Le monde culturel célèbre cette année le
centenaire de la naissance d'Alioune Diop, premier éditeur Africain en
France et fondateur de la revue "Présence Africaine" qui porte le même
nom.
La communauté internationale composée d'artistes,
d'écrivains, d'intellectuels, d'anciens compagnons de lutte, sa ville
natale, son pays lui ont rendu un vibrant hommage. De nombreuses
manifestations ont eu lieu. Au mois de janvier 2010 une plaque
commémorative a été apposée sur la façade de sa maison natale à St
Louis, un concours de poésie et de langues a été organisé au sein des
écoles du Sénégal et finalement un colloque a réuni des universitaires
venus de tous les horizons d’Afrique, et de la Diaspora.
Le colloque avait pour thème: “Alioune Diop, l’Homme
et son œuvre face aux défis contemporains"
Parmi les invités de marque, on notait notamment la
présence de Wole Soyinka, Prix Nobel de littérature, la plupart des
écrivains sénégalais dont l'écrivain, Cheikh Hamidou Kane, auteur de „L'
Aventure ambiguë“ du poète Amadou Lamine Sall, égire de Senghor et celle
de l'ancien directeur Général de l'UNESCO Amadou Mahtar Mbow.

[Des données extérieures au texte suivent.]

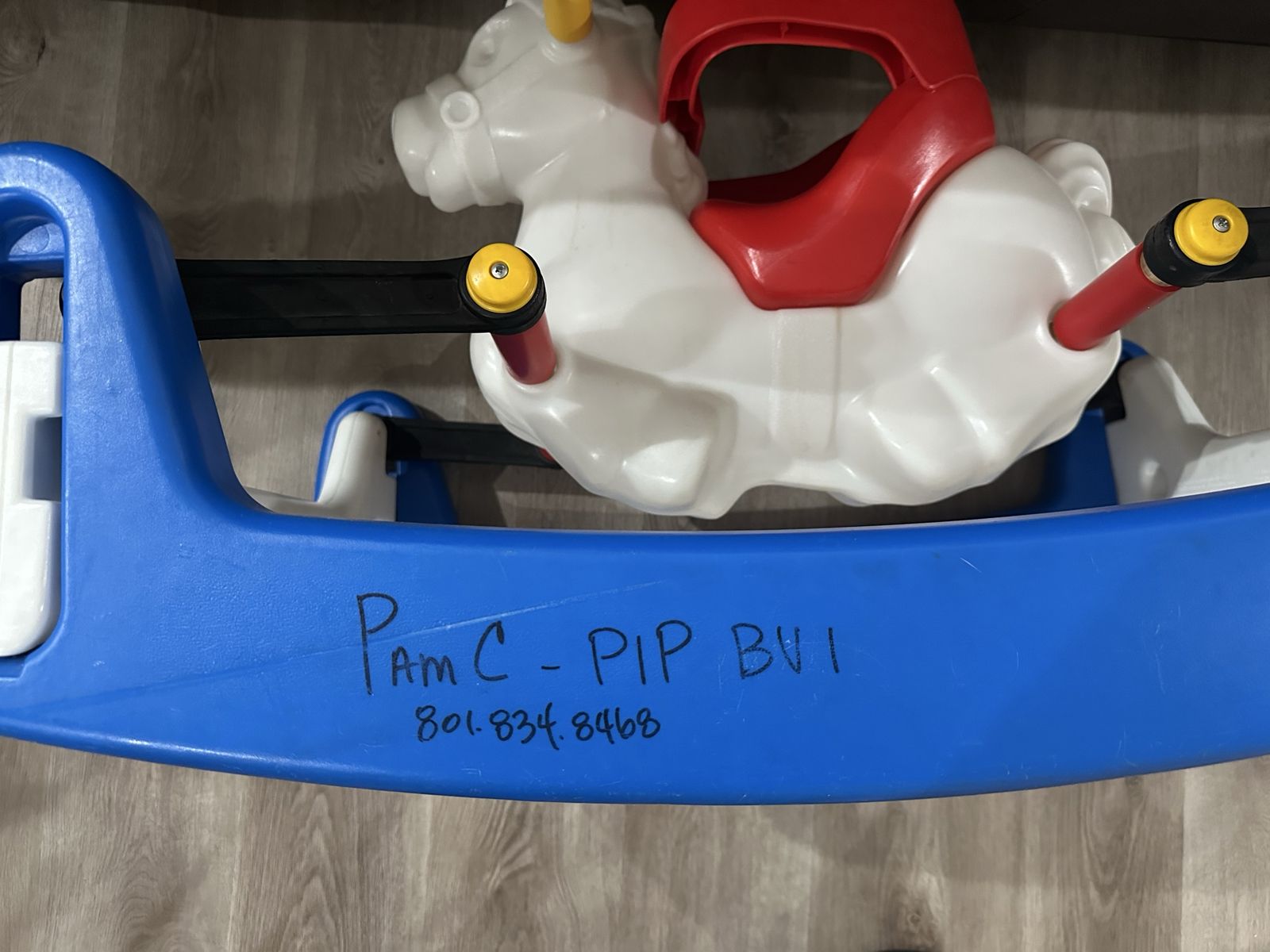 VenmoToday’s kids rocking horse, does have writing on the side. We are moving and have no room for it.

Durant 3 jours, les éminents universitaires ont revisité l’œuvre
d’Alioune Diop et rappelé le rôle qu’il a joué dans l’émancipation des
peuples noirs. Les témoignages que nous détenons de ses contemporains
constituent un héritage précieux pour cerner la personnalité captivante
de cet homme de culture, généreux et discret qui a marqué cette fin du
20 ème siècle.
Wole Soyinka, Prix Nobel de Littérature et président de la Communauté
Africaine de Culture a souligné "le rôle de visionnaire et de
missionnaire qu'Alioune Diop a tenu pour la défense de la race noire“.

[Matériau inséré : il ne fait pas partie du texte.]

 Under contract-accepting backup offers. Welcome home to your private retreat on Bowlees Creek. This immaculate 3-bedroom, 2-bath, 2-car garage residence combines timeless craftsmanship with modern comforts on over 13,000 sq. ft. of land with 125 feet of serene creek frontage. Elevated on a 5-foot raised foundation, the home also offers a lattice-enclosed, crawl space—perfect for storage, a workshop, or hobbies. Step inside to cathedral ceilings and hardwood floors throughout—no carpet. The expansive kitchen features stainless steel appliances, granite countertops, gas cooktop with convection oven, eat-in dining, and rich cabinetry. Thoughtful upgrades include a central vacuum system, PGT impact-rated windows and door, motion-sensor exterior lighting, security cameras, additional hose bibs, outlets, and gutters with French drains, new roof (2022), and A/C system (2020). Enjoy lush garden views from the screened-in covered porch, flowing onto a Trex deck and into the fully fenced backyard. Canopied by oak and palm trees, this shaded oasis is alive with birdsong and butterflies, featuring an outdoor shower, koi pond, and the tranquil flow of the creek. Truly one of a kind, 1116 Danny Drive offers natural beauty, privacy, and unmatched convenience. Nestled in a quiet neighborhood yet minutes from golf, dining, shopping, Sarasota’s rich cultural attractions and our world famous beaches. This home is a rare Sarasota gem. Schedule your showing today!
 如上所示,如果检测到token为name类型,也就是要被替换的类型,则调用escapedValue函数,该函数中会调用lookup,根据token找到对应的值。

Dans son allocution il a magnifié l'œuvre de l'éditeur sénégalais et a
invité la jeunesse à s' en inspirer.
"Nous avons eu le privilège d'être des compagnons d'Alioune Diop. Il
nous a enseignés que l'esprit de guerre contre le barbarisme n'a pas de
limite. Ce message est toujours d'actualité. Il appartient aux jeunes de
s'en approprier car la culture reste un vaste champ de
bataille...Alioune Diop a montré la voie qui mène vers la libération de
la pensée négro-africaine“ Wole Soyinka, Prix Nobel de Littérature
1988.
Biographie
Alioune Diop est né le 10 janvier 1910 à St
Louis-du-Sénégal, ancienne capitale de l'Afrique Occidentale Française (AOF).

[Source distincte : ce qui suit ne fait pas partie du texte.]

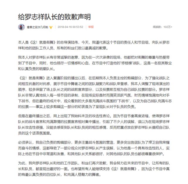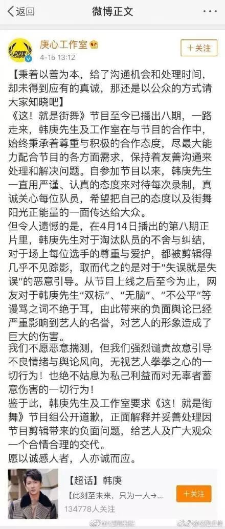 韩庚虽然没有发声,但导演出来道歉了,直接给罗志祥和韩庚写了两封道歉信。

Le jeune Alioune fréquente l'école coranique comme tous les enfants de
famille musulmane. Cependant ses tantes maternelles catholiques
l'initient au dogme chrétien. Alioune Diop se convertit plus tard au
christianisme dans la nuit de Noël 1944 à Saint-Flour dans le Cantal. Il
reçoit son baptême catholique sous le nom de l'apôtre Jean. Alioune Diop
fréquente d'abord l'école publique de Dagana où il accomplit le cycle
d'études primaires et ensuite le lycée Faidherbe de Saint
Louis-du-Sénégal. En 1931, il réussit son baccalauréat d'études
classiques avec latin et grec. Il est appelé la même année sous les
drapeaux et fait son service militaire à Thiès (Sénégal).
En 1933, il se rend à Alger, n’ayant pas pu
bénéficier d’une bourse d’études pour la France afin d'entreprendre des
études universitaires. Il obtient sa licence ès-lettres classiques et un
diplôme d'études supérieures. Il enseigne dans divers établissements
français, avant d'être élu représentant du Sénégal en 1946 au sénat
français. De 1947 à 1980, il dirige la maison d’édition "Présence
Africaine" entourée d’un groupe intellectuels Africains, Français et de
la Diaspora afro-américaine. Il est décédé le 2 mai 1980 et a été
enterré au cimetière du Père-Lachaise à Paris. Lors de son oraison
funèbre, le président-poète, Léopold Sédar Senghor l’a qualifié de
Socrate noir.
En hommage au premier éditeur francophone d’Afrique
noire, l’Organisation Internationale de la Francophonie a crée en 1982
un prix d’Edition Africaine Alioune Diop. Ce prix est décerné tous les
deux ans à la Foire internationale du Livre et du matériel Didactique de
Dakar (FILDA). La maison de la Culture Douta Seck à Dakar a donné son
nom à l’une de ses salles.
Carrière professionnelle
Muni de sa licence ès-lettres, Alioune Diop occupe
plusieurs postes dans l'enseignement. Lors des élections de 1948, il
perd son poste de sénateur à Paris au profit du Bloc Démocratique
Sénégalais (BDS) de Mamadou Dia qui l'emporte. Déjà en tant que
sénateur, Alioune Diop se consacre à ses activités culturelles. Il crée
la revue "Présence Africaine" en 1947 et deux ans plus tard, la maison
d'édition qui porte le même nom au quartier latin de Paris.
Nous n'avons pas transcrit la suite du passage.